The Sanctuary's Rich and Wonderful Rocky Intertidal: How Has It Changed and How Do We Know?
Dr. John Pearse, Research Professor of Biology Joseph M. Long Marine Laboratory, Institute of Marine Sciences, University of California Santa Cruz
The Monterey Bay region of California has been well known for the luxuriant life in the rocky intertidal for many years. Nineteenth century naturalists found it to be a productive collecting area, and the 20th century saw the proliferation of detailed naturalist guidebooks. Innumerable students at educational institutions around the Bay have been enthralled by the beauty of the rocky intertidal life, agreed by all to be among the richest in the world in terms of abundance and diversity. At the same time, the past two centuries have seen a proliferation of human activities detrimental to this life, including waste disposal, collecting, and perhaps trampling. Signs of deterioration were evident by the end of the 19th century, and became most conspicuous by the 1970s. Nevertheless, there have been few long-term studies designed to detect these changes.
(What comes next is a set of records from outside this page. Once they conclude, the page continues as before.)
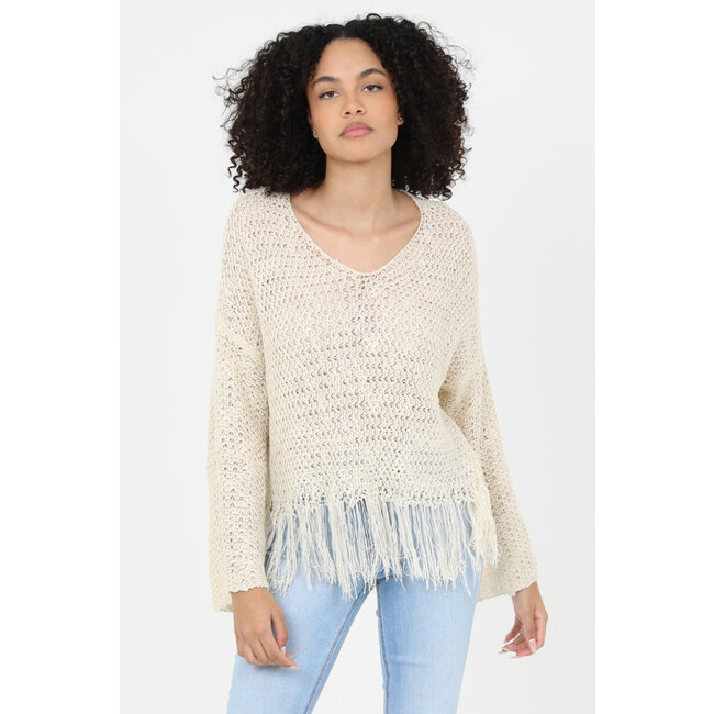 Angie Angie V Neck Light Weight Fringe Pullover Sweater (XHN03)
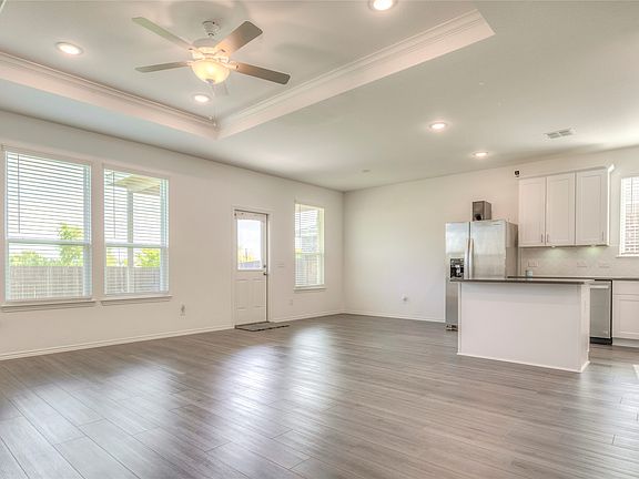 Modern fireplaceOpen floor planStainless steel appliancesFlat screen tvQuartz countertopsCovered back patioTwo car garage
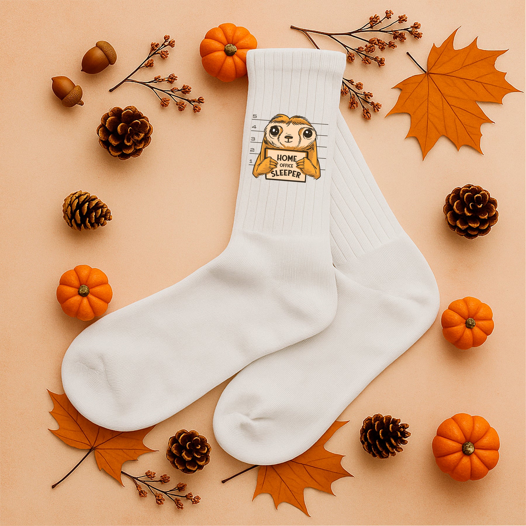 Unsere „Homeoffice Sleeper“-Socken sind das perfekte Accessoire für alle, die im Homeoffice hart arbeiten – zumindest an ihrer Entspannung.
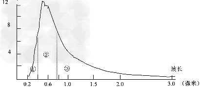 3、单选题 将一张白纸置于阳光下,观察投到纸上的阳光,结合太阳各种辐射的波长范围图。回答1~2题。

The few such studies done over the past 30 years do indicate that conditions are improving. But for the longer-term, we can only compare earlier descriptive studies with current conditions. These comparisons provide evidence of long-term changes which may not be directly related to local human activity. The only way to understand how the rocky intertidal biota is faring over time is with well-designed, long-term monitoring programs. Fortunately, these are now being established around the Bay so that by the end of the 21st century people will have a much better idea of the status of this precious living habitat.
Muddy Handprints: 10,000 Years of Human Environmental Change in the Elkhorn Slough
Mark Silberstein, Executive Director Elkhorn Slough Foundation, Moss Landing, California
Elkhorn Slough in the central Monterey Bay is a microcosm of coastal land uses seen throughout the United States. It has provided a living laboratory for studying ecological change since the 1920s when McGinitie did his pioneering ecological research in the slough. The recent ecological history of the slough, as with most of the coast, will be dependent on how we interpret and respond to the lessons of the past and apply current ecological understanding to managing natural resources.